- [Input for this task]:
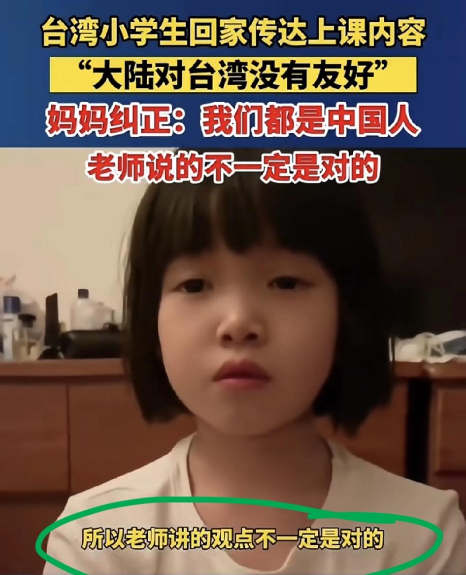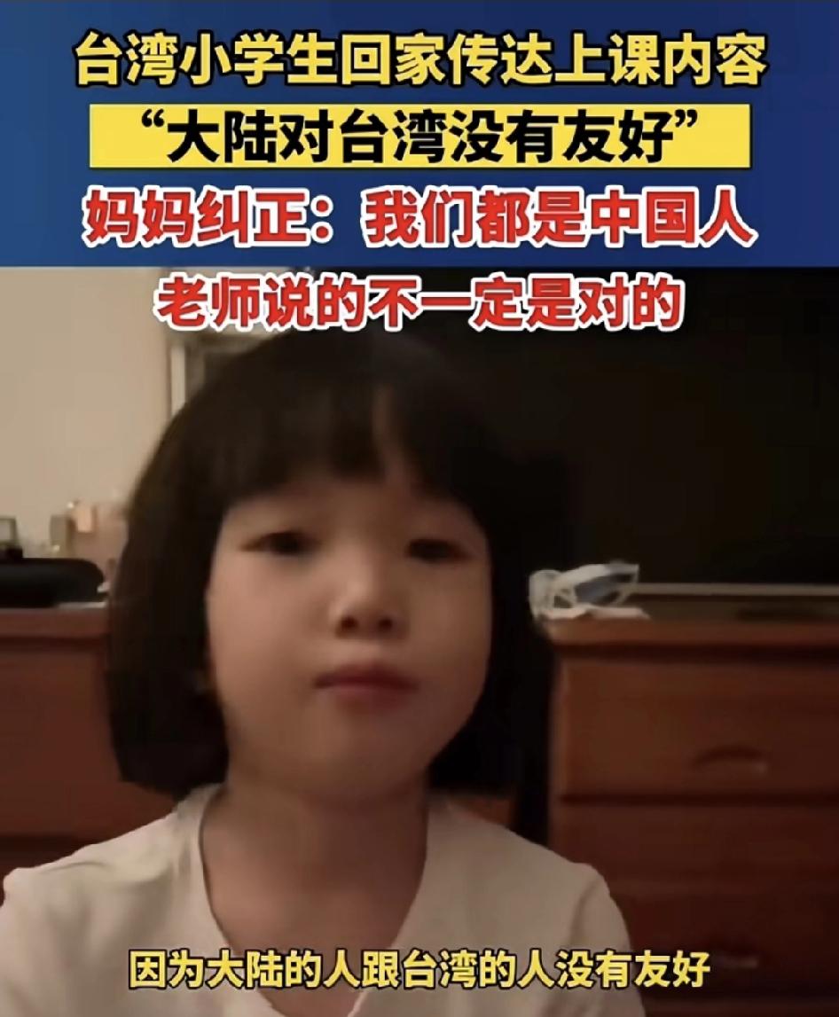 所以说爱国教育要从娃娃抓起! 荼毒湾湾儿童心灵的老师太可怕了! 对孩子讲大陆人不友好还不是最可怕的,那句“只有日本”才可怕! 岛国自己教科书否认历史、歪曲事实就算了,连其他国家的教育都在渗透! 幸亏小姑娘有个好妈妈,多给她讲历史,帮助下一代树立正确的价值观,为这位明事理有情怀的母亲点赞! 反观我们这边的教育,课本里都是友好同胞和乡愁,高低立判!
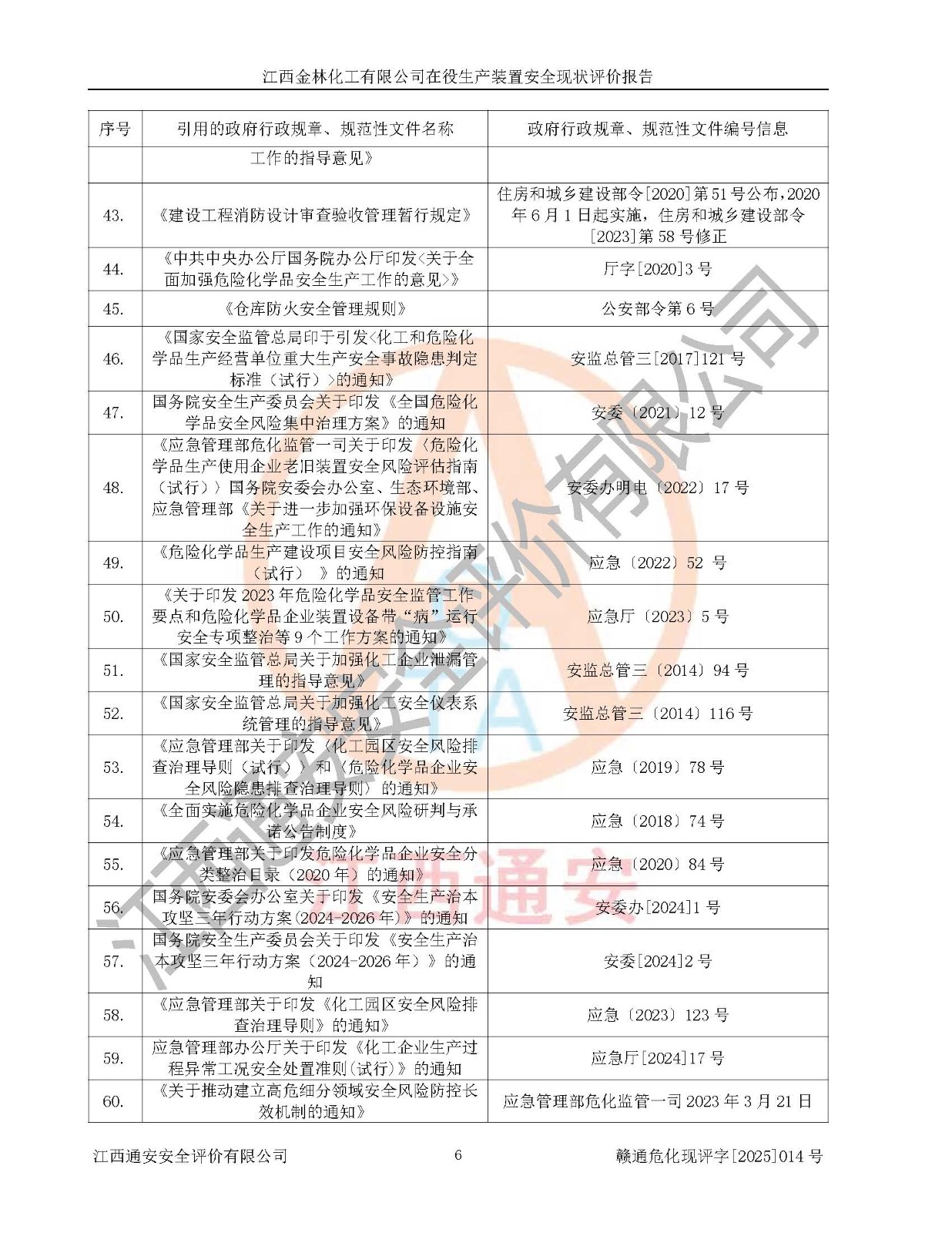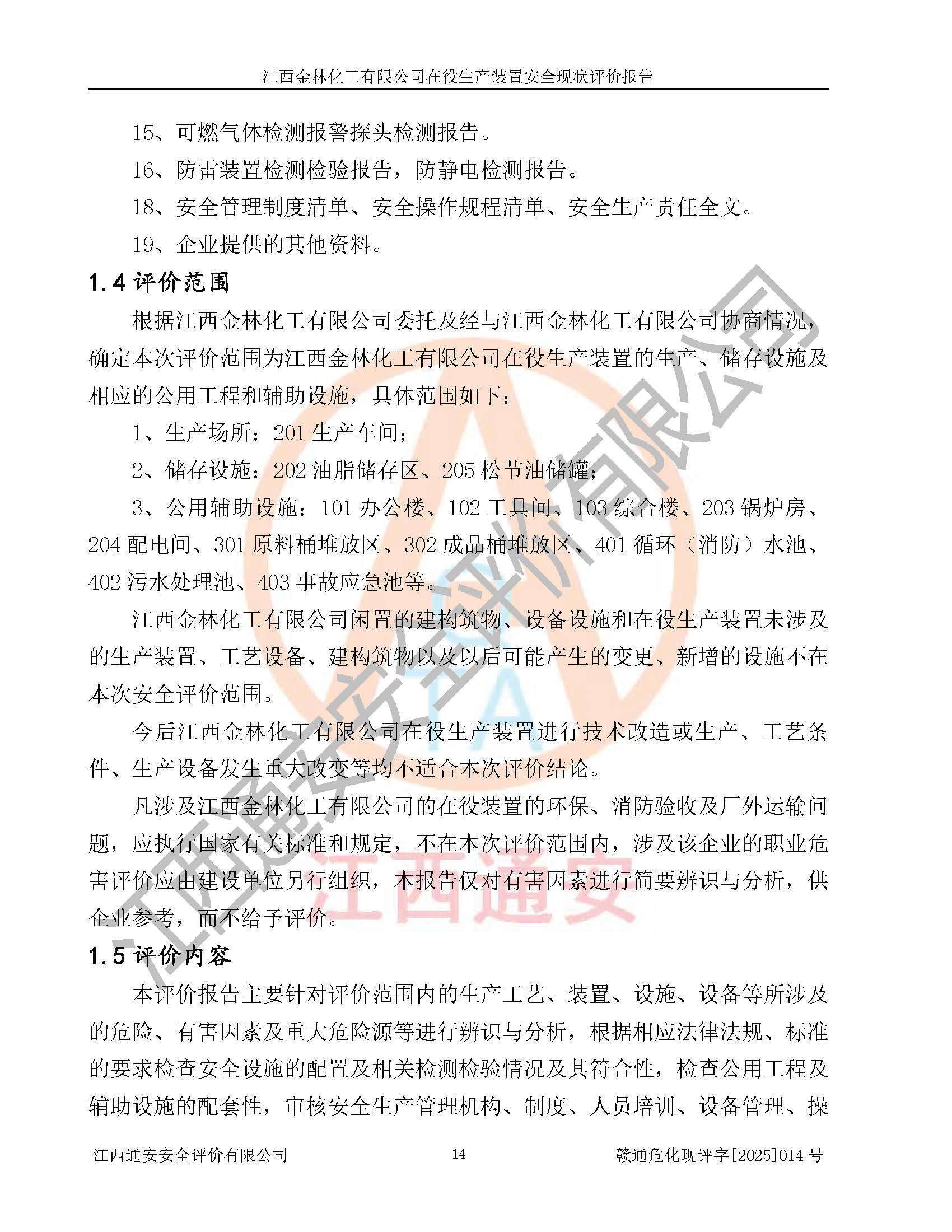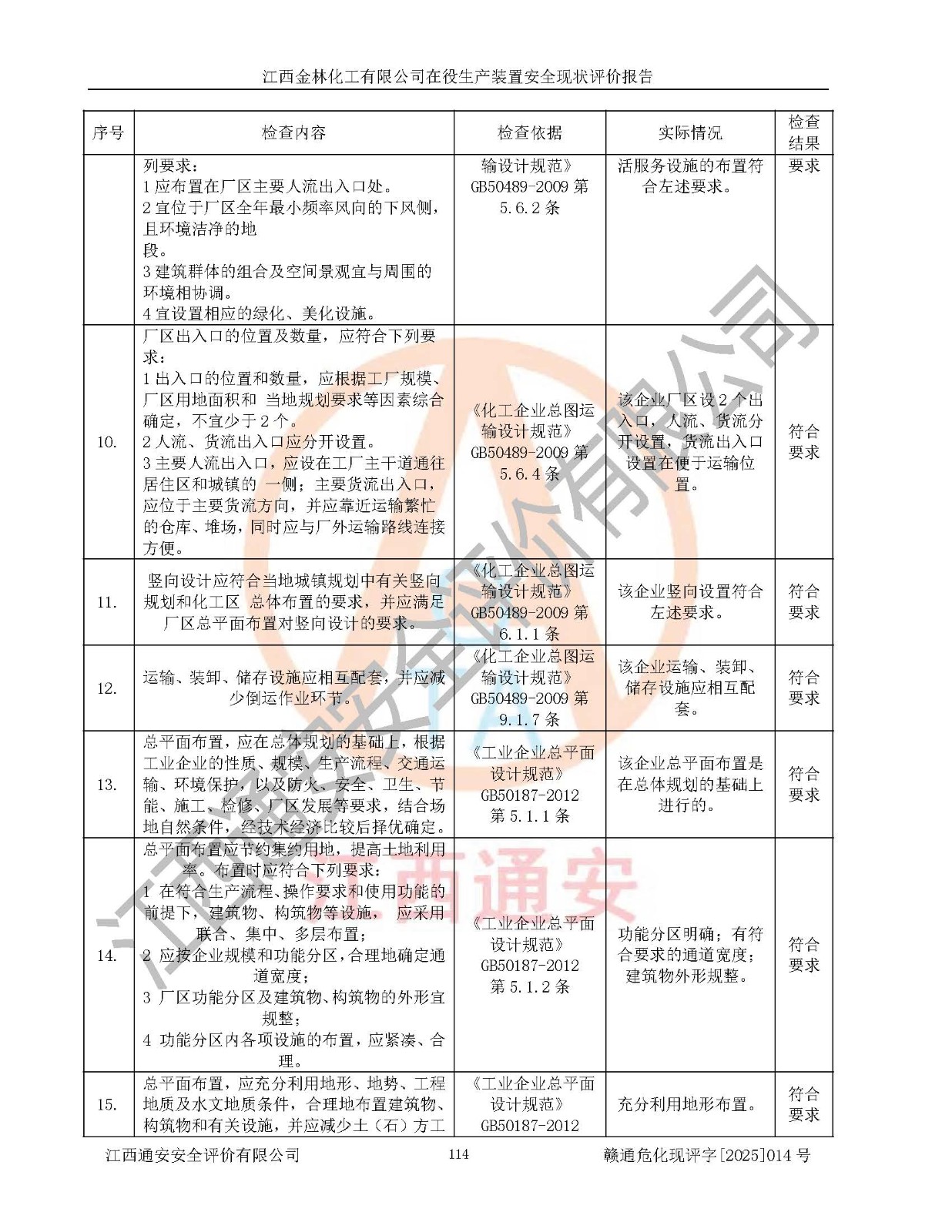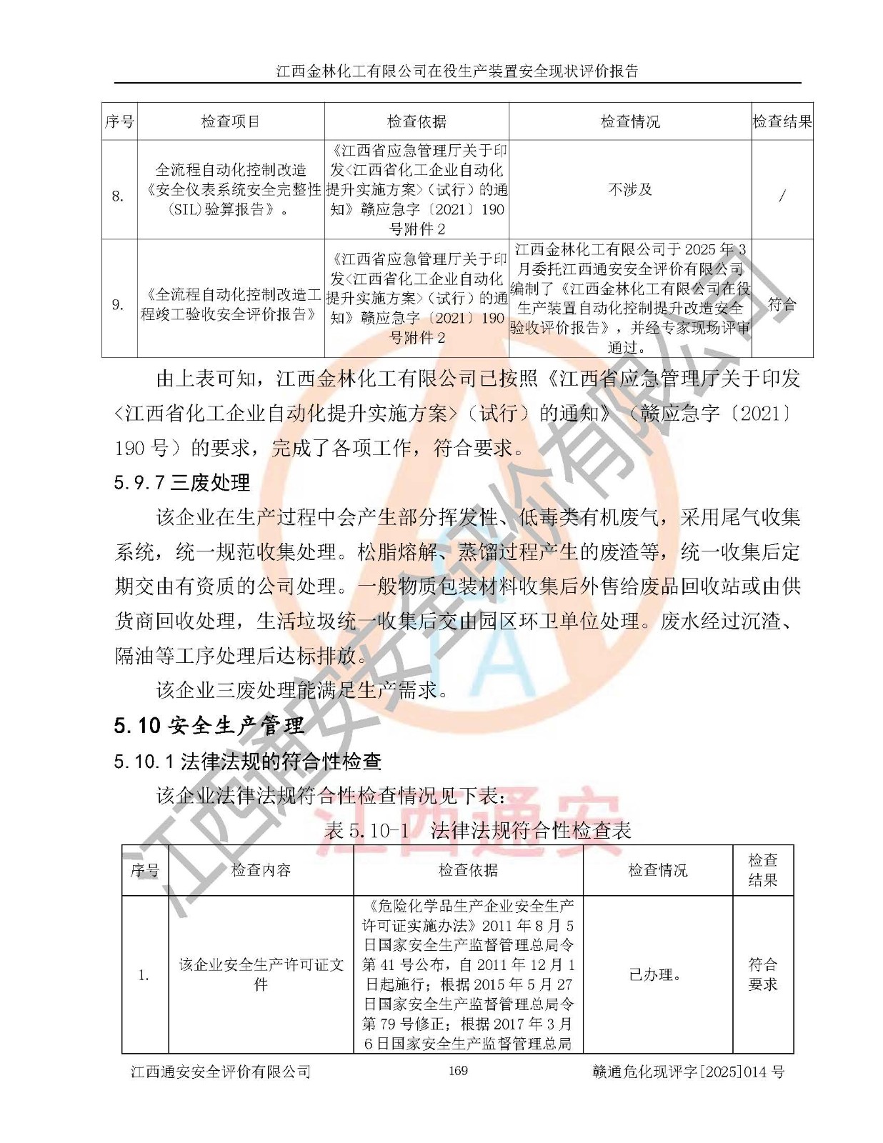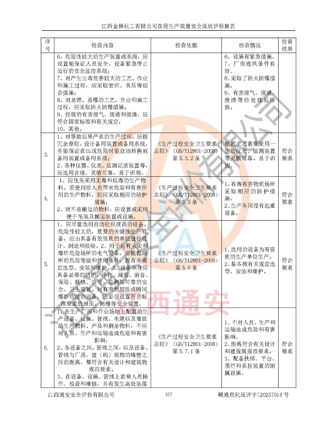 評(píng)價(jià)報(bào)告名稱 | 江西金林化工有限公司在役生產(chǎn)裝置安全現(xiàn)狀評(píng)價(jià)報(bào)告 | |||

---

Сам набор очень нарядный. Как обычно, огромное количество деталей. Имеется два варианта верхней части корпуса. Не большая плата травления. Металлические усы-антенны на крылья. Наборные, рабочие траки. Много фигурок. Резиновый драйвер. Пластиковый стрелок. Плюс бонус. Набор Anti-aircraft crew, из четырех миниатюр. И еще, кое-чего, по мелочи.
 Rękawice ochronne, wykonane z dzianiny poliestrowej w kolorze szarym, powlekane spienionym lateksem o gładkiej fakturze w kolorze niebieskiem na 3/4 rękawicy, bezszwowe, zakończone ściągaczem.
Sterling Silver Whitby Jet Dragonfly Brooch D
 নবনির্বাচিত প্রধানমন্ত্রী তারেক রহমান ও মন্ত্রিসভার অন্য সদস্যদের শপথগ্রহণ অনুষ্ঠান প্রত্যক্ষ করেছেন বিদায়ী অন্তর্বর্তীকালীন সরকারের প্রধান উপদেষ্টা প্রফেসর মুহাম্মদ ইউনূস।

* * *

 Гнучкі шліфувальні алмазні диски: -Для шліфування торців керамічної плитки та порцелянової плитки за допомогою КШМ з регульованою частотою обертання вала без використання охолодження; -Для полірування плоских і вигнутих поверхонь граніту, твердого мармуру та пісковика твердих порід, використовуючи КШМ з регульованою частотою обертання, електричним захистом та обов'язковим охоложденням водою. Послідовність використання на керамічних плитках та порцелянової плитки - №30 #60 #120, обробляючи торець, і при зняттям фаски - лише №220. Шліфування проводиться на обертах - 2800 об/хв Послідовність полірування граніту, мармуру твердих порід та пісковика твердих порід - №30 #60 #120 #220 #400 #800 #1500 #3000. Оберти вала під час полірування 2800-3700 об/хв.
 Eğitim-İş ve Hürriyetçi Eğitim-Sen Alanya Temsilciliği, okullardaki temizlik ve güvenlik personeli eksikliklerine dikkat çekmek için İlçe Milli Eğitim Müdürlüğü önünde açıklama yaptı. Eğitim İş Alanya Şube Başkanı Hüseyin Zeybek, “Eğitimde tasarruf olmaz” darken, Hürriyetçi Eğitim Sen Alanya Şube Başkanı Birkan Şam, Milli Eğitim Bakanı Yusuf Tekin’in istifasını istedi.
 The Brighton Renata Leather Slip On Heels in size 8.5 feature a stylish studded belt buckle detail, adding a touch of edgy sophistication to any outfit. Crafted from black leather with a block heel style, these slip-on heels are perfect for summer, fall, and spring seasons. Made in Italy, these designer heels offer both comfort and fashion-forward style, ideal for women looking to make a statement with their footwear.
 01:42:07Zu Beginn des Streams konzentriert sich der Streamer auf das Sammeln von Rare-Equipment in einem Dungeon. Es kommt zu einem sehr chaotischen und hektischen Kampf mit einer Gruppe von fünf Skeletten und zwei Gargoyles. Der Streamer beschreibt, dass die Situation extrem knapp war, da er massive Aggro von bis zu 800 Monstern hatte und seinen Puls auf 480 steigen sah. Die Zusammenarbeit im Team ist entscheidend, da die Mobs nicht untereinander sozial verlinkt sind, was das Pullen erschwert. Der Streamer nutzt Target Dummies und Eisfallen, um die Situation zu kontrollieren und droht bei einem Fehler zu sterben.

- [Brief]:
Look above for the line holding "Rękawice ochronne, wykonane" and the line holding "Sterling Silver Whitby Jet Dragonfly Brooch D". Retype both, and every line between them, word for word and nothing else.

- [Response for this exercise]:
 Rękawice ochronne, wykonane z dzianiny poliestrowej w kolorze szarym, powlekane spienionym lateksem o gładkiej fakturze w kolorze niebieskiem na 3/4 rękawicy, bezszwowe, zakończone ściągaczem.
Sterling Silver Whitby Jet Dragonfly Brooch D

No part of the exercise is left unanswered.